*PROBLEM TO SOLVE*
Every record that follows is to be copied exactly, with the pictures omitted.

*EXERCISE MATERIAL*
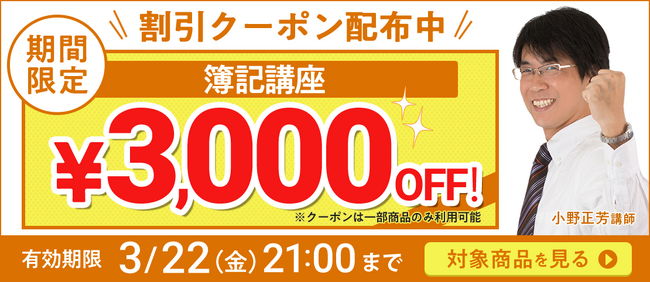 3,000円割引のお得なクーポンは、3月22日(金)21時までに商品のお申し込みされた方が対象となります。
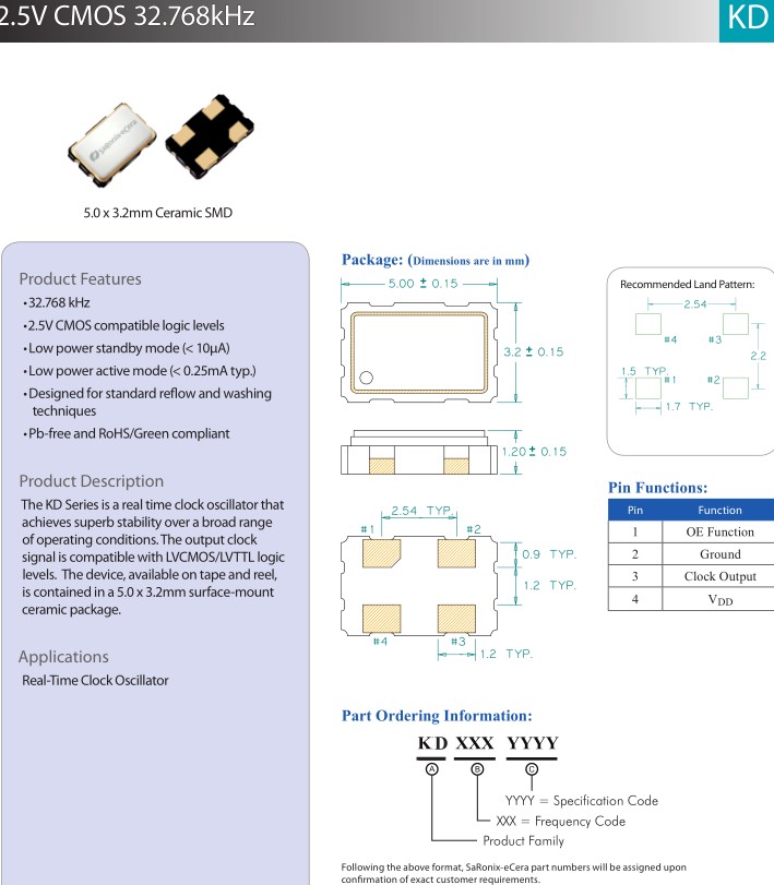 史無前例高性能的32.768K時鐘振蕩器KD3270037亞陶diodes晶振ECERA品牌
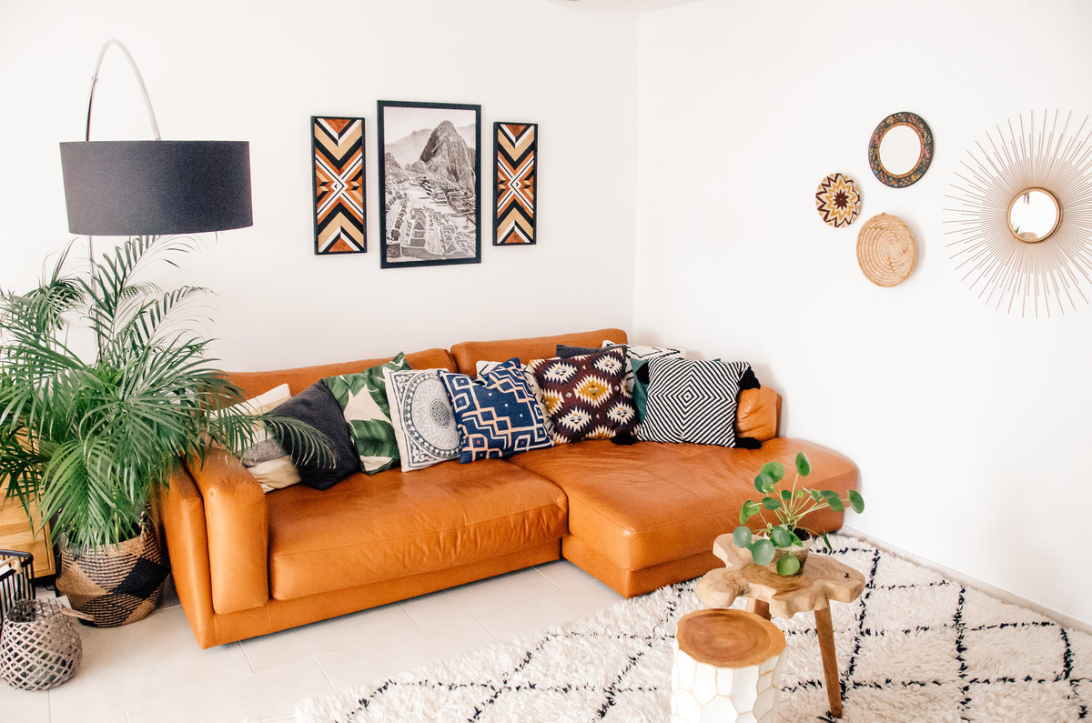 Bohostyle, Boho Chic, Boho, Bohostil, Ledersofa, Teppich, schwarz weiß, Körbe, Wandbild, Wanddeko, Wanddekoration, Zimmerpflanzen, Beistelltisch, Holzmöbel, Fliesenboden, Eiche, Sideboard, Wandpaneele, Ethno, Ethnostyle, Pflanzenkorb, Kissen, Bogenlampe, Stehleuchte, Stehlampe, Sonnenspiegel, Wandspiegel, Korbwand, Galeriewand, Gallery Wall, Hygge, Machu Picchu
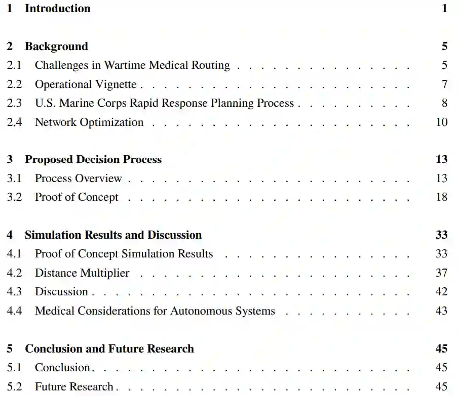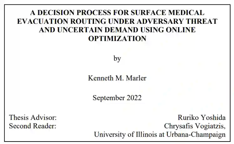 新出现的威胁将美国海军的作战概念集中在濒海和海洋区域的敏捷、分布式战术部队上。鉴于威胁的性质及其所处位置,通过空中进行医疗后送可能会因条件恶劣或距离遥远而不可行,这就需要转向水面或水下战略。在战争中,医疗需求和对手的行动都是不可预测的,因此需要一个考虑到不确定性的路由决策过程。利用美国海军陆战队快速反应规划流程和在线优化的原理,我们提出了一种在需求不确定的情况下针对对手的水面医疗后送路由决策流程,该流程可应用于有人和自主运输行动。我们通过开发一种通过网络进行医疗转运的路由算法,展示了决策过程的可计算性,然后将该算法作为 Python 中的一个仿真模型加以实现。我们将模型的基本情况与完美信息条件下的两个修正情况进行比较,以讨论使用不恰当假设建模的风险。然后,利用仿真模型的多次运行,提出了一个开发距离乘数的过程,以估计对手存在对现有仿真模型的影响,而无需完全重新设计。
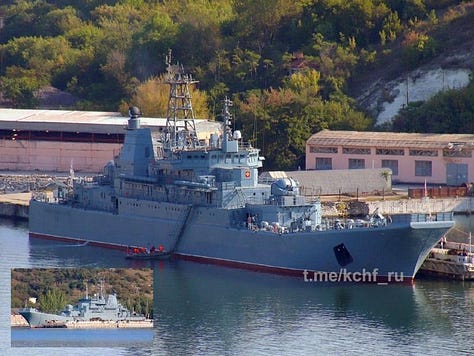 Let’s turn to that strike next and work our way up to the recent hit on the Black Sea Fleet HQ. The Ropucha class landing ship Minsk and Kilo class sub Rostov-on-Don were struck.
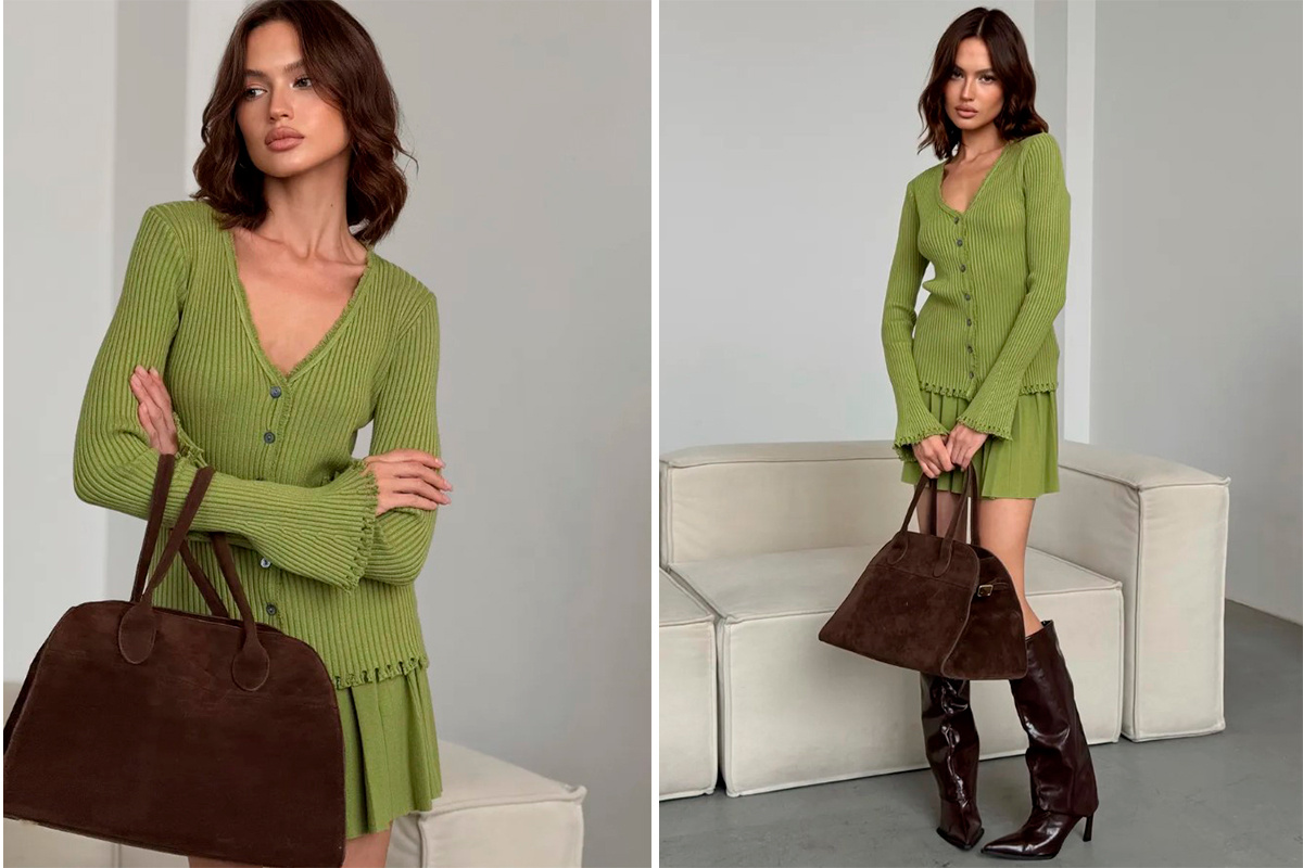 источником идей и хорошего настроения! Первое, на что я обратила внимание - трикотажный костюм с юбкой. Джемпер с длинными расклешёнными рукавами, а юбка мини в складку с эластичной резинкой подчёркивает фигуру и не стесняет движений. Цвета от тёмного оливкового до бордового и сливового. Артикул 528610159 Следующая находка - укороченная экошуба. Мягкая, пушистая, с широким воротником, выглядишь будто на страницах модного журнала. Но самое главное - она тёплая, защищает от ветра и при этом не наносит вреда природе. Цвета тоже радуют: бежевый, ванильно-бежевый, бежево-розовый… можно подобрать под любой гардероб и настроение. Артикул 581267088 Сумка - вот что точно меня покорило. Темно-коричневая замшевая сумка с золотой фурнитурой, вытянутой формой и удобными ручками. Не слишком большая, но всё помещается: телефон, кошелёк, ключи. И при этом она не теряется на фон

*ANSWER BOX*
 3,000円割引のお得なクーポンは、3月22日(金)21時までに商品のお申し込みされた方が対象となります。
 史無前例高性能的32.768K時鐘振蕩器KD3270037亞陶diodes晶振ECERA品牌
 Bohostyle, Boho Chic, Boho, Bohostil, Ledersofa, Teppich, schwarz weiß, Körbe, Wandbild, Wanddeko, Wanddekoration, Zimmerpflanzen, Beistelltisch, Holzmöbel, Fliesenboden, Eiche, Sideboard, Wandpaneele, Ethno, Ethnostyle, Pflanzenkorb, Kissen, Bogenlampe, Stehleuchte, Stehlampe, Sonnenspiegel, Wandspiegel, Korbwand, Galeriewand, Gallery Wall, Hygge, Machu Picchu
 新出现的威胁将美国海军的作战概念集中在濒海和海洋区域的敏捷、分布式战术部队上。鉴于威胁的性质及其所处位置,通过空中进行医疗后送可能会因条件恶劣或距离遥远而不可行,这就需要转向水面或水下战略。在战争中,医疗需求和对手的行动都是不可预测的,因此需要一个考虑到不确定性的路由决策过程。利用美国海军陆战队快速反应规划流程和在线优化的原理,我们提出了一种在需求不确定的情况下针对对手的水面医疗后送路由决策流程,该流程可应用于有人和自主运输行动。我们通过开发一种通过网络进行医疗转运的路由算法,展示了决策过程的可计算性,然后将该算法作为 Python 中的一个仿真模型加以实现。我们将模型的基本情况与完美信息条件下的两个修正情况进行比较,以讨论使用不恰当假设建模的风险。然后,利用仿真模型的多次运行,提出了一个开发距离乘数的过程,以估计对手存在对现有仿真模型的影响,而无需完全重新设计。
 Let’s turn to that strike next and work our way up to the recent hit on the Black Sea Fleet HQ. The Ropucha class landing ship Minsk and Kilo class sub Rostov-on-Don were struck.
 источником идей и хорошего настроения! Первое, на что я обратила внимание - трикотажный костюм с юбкой. Джемпер с длинными расклешёнными рукавами, а юбка мини в складку с эластичной резинкой подчёркивает фигуру и не стесняет движений. Цвета от тёмного оливкового до бордового и сливового. Артикул 528610159 Следующая находка - укороченная экошуба. Мягкая, пушистая, с широким воротником, выглядишь будто на страницах модного журнала. Но самое главное - она тёплая, защищает от ветра и при этом не наносит вреда природе. Цвета тоже радуют: бежевый, ванильно-бежевый, бежево-розовый… можно подобрать под любой гардероб и настроение. Артикул 581267088 Сумка - вот что точно меня покорило. Темно-коричневая замшевая сумка с золотой фурнитурой, вытянутой формой и удобными ручками. Не слишком большая, но всё помещается: телефон, кошелёк, ключи. И при этом она не теряется на фон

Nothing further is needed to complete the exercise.